• Information provided:
▬▬▬

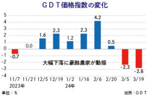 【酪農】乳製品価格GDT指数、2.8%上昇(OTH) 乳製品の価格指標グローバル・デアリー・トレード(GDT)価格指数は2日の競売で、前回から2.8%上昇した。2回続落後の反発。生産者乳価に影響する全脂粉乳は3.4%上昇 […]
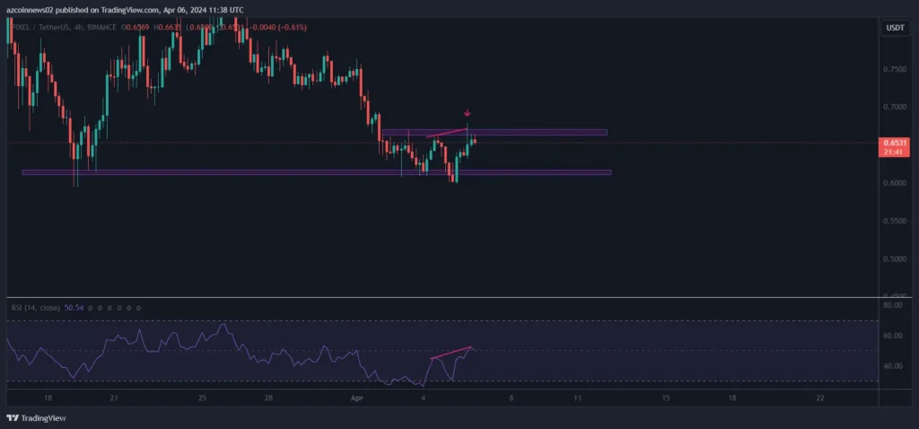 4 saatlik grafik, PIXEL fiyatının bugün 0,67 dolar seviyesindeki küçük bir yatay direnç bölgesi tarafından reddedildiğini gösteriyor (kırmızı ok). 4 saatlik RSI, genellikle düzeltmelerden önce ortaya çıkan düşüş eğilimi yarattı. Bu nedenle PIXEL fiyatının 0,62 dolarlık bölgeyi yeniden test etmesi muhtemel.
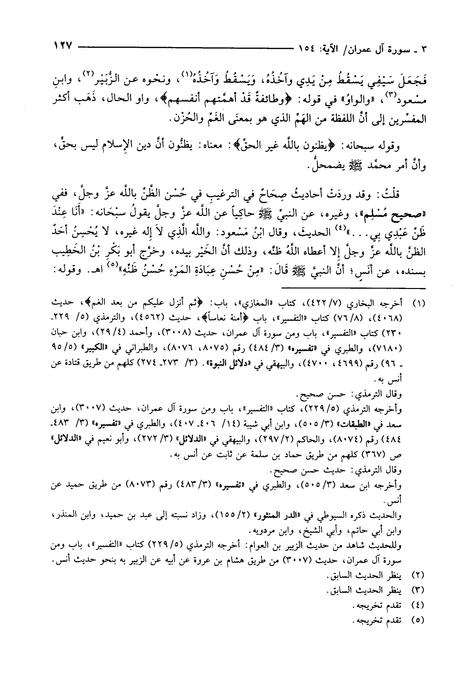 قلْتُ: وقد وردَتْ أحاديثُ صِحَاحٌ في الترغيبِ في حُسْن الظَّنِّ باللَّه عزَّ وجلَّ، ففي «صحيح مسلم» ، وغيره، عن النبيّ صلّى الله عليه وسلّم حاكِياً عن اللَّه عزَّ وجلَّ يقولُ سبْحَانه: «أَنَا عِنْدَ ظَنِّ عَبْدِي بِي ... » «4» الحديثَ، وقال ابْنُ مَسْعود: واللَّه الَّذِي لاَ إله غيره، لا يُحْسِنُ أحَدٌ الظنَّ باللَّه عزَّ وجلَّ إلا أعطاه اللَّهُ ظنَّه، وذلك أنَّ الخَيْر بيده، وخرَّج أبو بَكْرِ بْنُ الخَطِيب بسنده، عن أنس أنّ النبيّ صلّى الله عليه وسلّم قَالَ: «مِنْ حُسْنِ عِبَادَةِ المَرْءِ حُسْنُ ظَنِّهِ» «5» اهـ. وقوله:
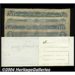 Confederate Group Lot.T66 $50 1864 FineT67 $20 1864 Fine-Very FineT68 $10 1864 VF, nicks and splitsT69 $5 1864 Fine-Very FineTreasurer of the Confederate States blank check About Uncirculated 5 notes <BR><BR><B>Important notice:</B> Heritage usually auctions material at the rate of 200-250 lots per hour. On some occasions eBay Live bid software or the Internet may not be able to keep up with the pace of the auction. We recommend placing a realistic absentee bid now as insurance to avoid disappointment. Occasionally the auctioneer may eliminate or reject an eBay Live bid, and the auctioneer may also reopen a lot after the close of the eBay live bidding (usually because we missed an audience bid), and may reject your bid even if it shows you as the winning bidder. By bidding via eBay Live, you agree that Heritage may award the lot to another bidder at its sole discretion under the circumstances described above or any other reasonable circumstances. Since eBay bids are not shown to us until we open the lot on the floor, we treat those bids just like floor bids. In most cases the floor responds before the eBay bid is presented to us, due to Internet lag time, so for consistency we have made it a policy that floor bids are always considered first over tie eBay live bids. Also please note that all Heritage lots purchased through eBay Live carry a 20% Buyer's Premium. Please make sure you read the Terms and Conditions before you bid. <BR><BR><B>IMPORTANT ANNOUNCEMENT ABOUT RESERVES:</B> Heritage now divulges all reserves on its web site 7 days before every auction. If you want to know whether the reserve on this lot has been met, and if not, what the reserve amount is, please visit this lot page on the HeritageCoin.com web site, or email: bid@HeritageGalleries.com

▬▬▬

• Required work: Write out the data exactly, and exclude every picture it holds.

• Output for this task:
 【酪農】乳製品価格GDT指数、2.8%上昇(OTH) 乳製品の価格指標グローバル・デアリー・トレード(GDT)価格指数は2日の競売で、前回から2.8%上昇した。2回続落後の反発。生産者乳価に影響する全脂粉乳は3.4%上昇 […]
 4 saatlik grafik, PIXEL fiyatının bugün 0,67 dolar seviyesindeki küçük bir yatay direnç bölgesi tarafından reddedildiğini gösteriyor (kırmızı ok). 4 saatlik RSI, genellikle düzeltmelerden önce ortaya çıkan düşüş eğilimi yarattı. Bu nedenle PIXEL fiyatının 0,62 dolarlık bölgeyi yeniden test etmesi muhtemel.
 قلْتُ: وقد وردَتْ أحاديثُ صِحَاحٌ في الترغيبِ في حُسْن الظَّنِّ باللَّه عزَّ وجلَّ، ففي «صحيح مسلم» ، وغيره، عن النبيّ صلّى الله عليه وسلّم حاكِياً عن اللَّه عزَّ وجلَّ يقولُ سبْحَانه: «أَنَا عِنْدَ ظَنِّ عَبْدِي بِي ... » «4» الحديثَ، وقال ابْنُ مَسْعود: واللَّه الَّذِي لاَ إله غيره، لا يُحْسِنُ أحَدٌ الظنَّ باللَّه عزَّ وجلَّ إلا أعطاه اللَّهُ ظنَّه، وذلك أنَّ الخَيْر بيده، وخرَّج أبو بَكْرِ بْنُ الخَطِيب بسنده، عن أنس أنّ النبيّ صلّى الله عليه وسلّم قَالَ: «مِنْ حُسْنِ عِبَادَةِ المَرْءِ حُسْنُ ظَنِّهِ» «5» اهـ. وقوله:
 Confederate Group Lot.T66 $50 1864 FineT67 $20 1864 Fine-Very FineT68 $10 1864 VF, nicks and splitsT69 $5 1864 Fine-Very FineTreasurer of the Confederate States blank check About Uncirculated 5 notes <BR><BR><B>Important notice:</B> Heritage usually auctions material at the rate of 200-250 lots per hour. On some occasions eBay Live bid software or the Internet may not be able to keep up with the pace of the auction. We recommend placing a realistic absentee bid now as insurance to avoid disappointment. Occasionally the auctioneer may eliminate or reject an eBay Live bid, and the auctioneer may also reopen a lot after the close of the eBay live bidding (usually because we missed an audience bid), and may reject your bid even if it shows you as the winning bidder. By bidding via eBay Live, you agree that Heritage may award the lot to another bidder at its sole discretion under the circumstances described above or any other reasonable circumstances. Since eBay bids are not shown to us until we open the lot on the floor, we treat those bids just like floor bids. In most cases the floor responds before the eBay bid is presented to us, due to Internet lag time, so for consistency we have made it a policy that floor bids are always considered first over tie eBay live bids. Also please note that all Heritage lots purchased through eBay Live carry a 20% Buyer's Premium. Please make sure you read the Terms and Conditions before you bid. <BR><BR><B>IMPORTANT ANNOUNCEMENT ABOUT RESERVES:</B> Heritage now divulges all reserves on its web site 7 days before every auction. If you want to know whether the reserve on this lot has been met, and if not, what the reserve amount is, please visit this lot page on the HeritageCoin.com web site, or email: bid@HeritageGalleries.com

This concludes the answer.